Exercise description:
Below are the entries; give again exactly the lines from the one mentioning "本文证明,对于Zcash的z" through the one mentioning "Um 1980. Farbsiebdruck", inclusive.

Input for this task:

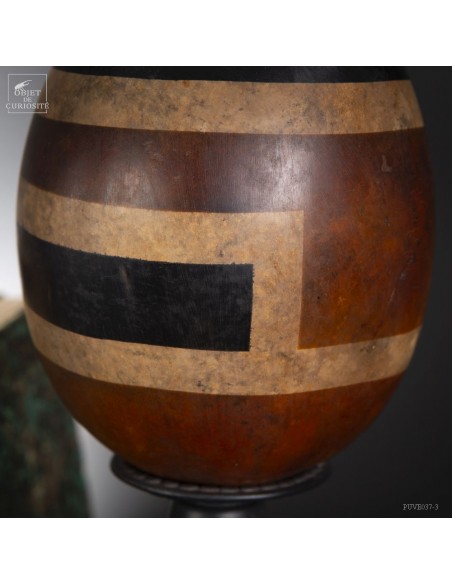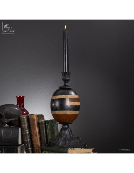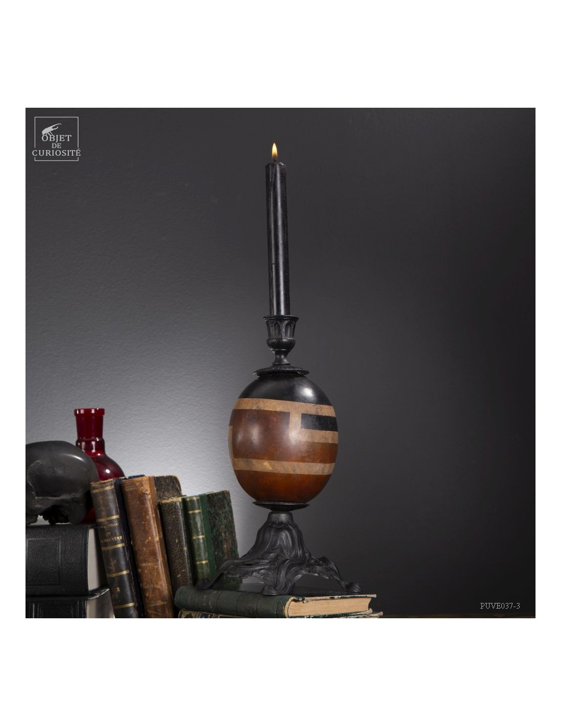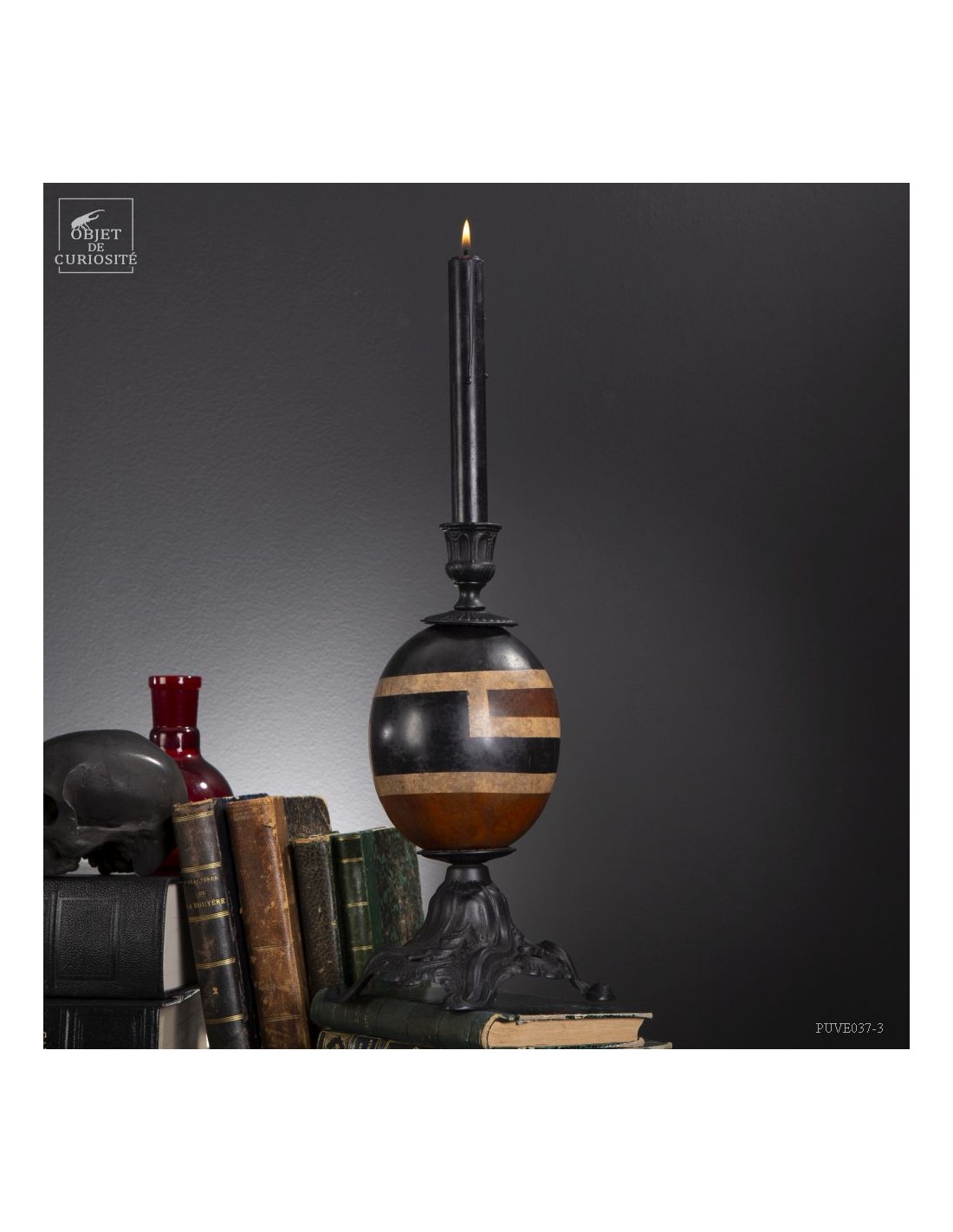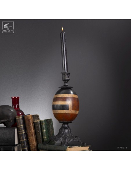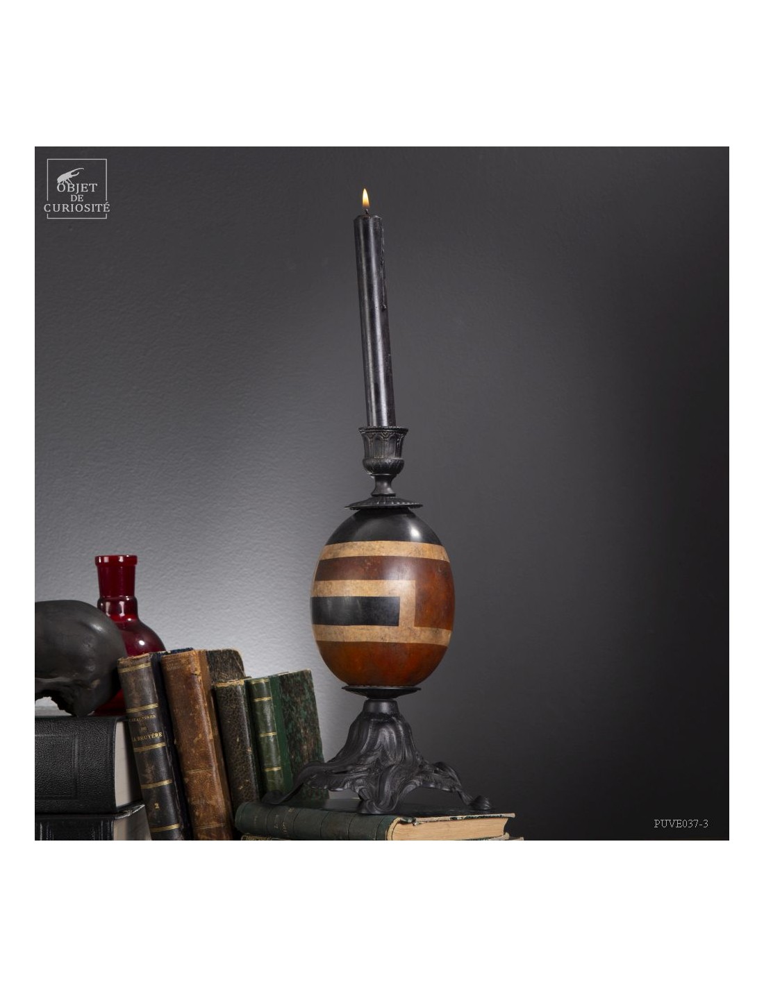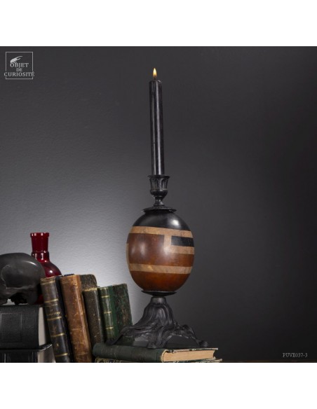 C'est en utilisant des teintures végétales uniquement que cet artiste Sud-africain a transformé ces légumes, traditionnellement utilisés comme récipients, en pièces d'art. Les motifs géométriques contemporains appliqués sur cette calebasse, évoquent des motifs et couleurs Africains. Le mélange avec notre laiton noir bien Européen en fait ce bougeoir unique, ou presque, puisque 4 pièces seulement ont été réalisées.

--

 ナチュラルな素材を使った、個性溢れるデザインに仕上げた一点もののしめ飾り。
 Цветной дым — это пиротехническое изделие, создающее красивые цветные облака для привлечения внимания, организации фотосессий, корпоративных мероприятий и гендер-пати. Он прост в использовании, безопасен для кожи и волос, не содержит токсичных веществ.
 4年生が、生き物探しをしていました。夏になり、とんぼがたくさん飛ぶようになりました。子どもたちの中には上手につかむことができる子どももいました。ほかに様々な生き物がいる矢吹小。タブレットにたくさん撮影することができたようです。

...

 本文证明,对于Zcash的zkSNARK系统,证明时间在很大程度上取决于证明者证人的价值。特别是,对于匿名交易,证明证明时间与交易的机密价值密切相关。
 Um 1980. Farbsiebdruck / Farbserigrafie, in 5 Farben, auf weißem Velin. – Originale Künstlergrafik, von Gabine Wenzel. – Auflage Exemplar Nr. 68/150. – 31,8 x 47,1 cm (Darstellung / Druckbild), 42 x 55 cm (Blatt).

Solution to this task:
 本文证明,对于Zcash的zkSNARK系统,证明时间在很大程度上取决于证明者证人的价值。特别是,对于匿名交易,证明证明时间与交易的机密价值密切相关。
 Um 1980. Farbsiebdruck / Farbserigrafie, in 5 Farben, auf weißem Velin. – Originale Künstlergrafik, von Gabine Wenzel. – Auflage Exemplar Nr. 68/150. – 31,8 x 47,1 cm (Darstellung / Druckbild), 42 x 55 cm (Blatt).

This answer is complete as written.